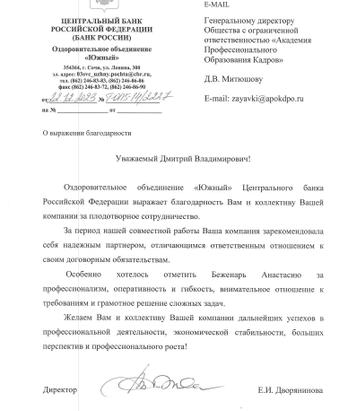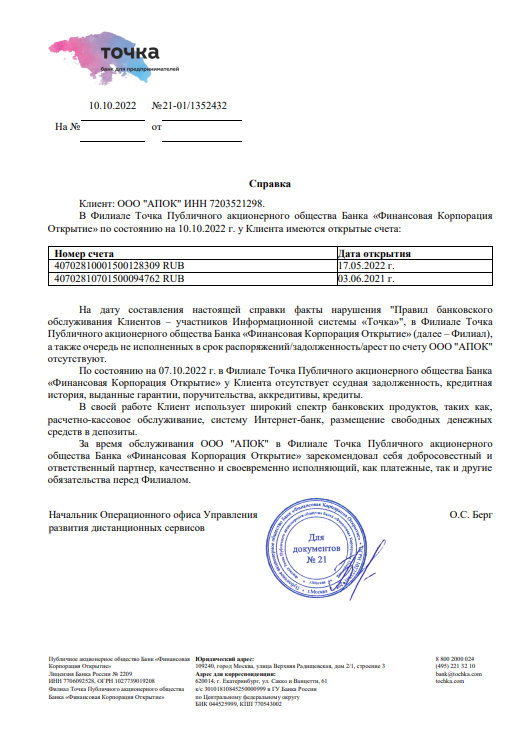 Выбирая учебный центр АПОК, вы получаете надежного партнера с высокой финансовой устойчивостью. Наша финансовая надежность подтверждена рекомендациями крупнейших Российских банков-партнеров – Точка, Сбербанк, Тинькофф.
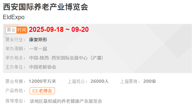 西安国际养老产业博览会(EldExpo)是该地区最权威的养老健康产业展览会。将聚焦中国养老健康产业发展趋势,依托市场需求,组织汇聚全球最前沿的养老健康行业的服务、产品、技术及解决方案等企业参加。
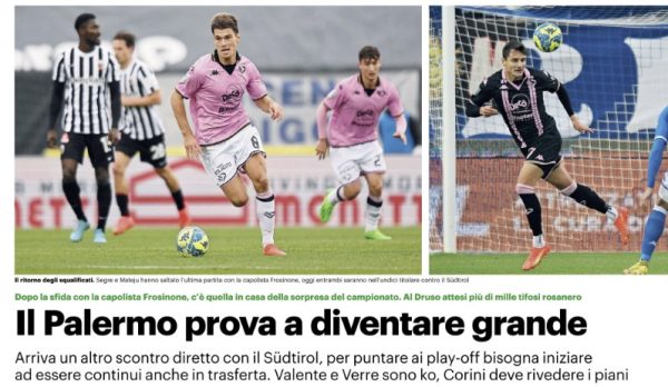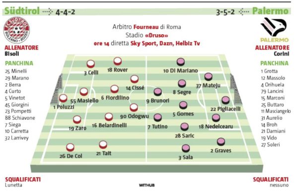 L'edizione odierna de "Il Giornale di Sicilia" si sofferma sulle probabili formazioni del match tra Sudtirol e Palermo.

--

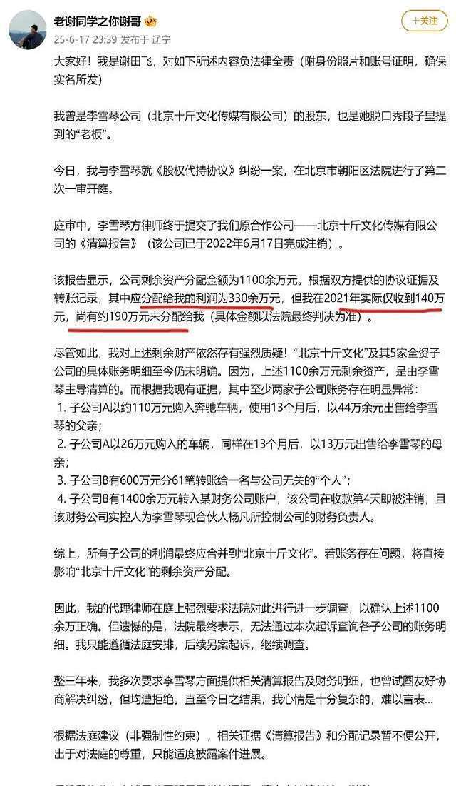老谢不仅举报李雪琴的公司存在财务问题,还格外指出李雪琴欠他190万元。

* * *

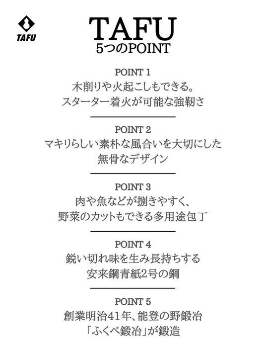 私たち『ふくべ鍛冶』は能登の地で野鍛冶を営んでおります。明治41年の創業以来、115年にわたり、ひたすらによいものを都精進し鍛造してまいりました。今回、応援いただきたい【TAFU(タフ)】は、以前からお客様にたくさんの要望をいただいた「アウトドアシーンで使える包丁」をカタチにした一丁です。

* [About this exercise]: Out of the records above, return only the lines from the one with "西安国际养老产业博览会(El" through the one with "L'edizione odierna de", exactly, and none of the pictures.

* [Result]:
 西安国际养老产业博览会(EldExpo)是该地区最权威的养老健康产业展览会。将聚焦中国养老健康产业发展趋势,依托市场需求,组织汇聚全球最前沿的养老健康行业的服务、产品、技术及解决方案等企业参加。
 L'edizione odierna de "Il Giornale di Sicilia" si sofferma sulle probabili formazioni del match tra Sudtirol e Palermo.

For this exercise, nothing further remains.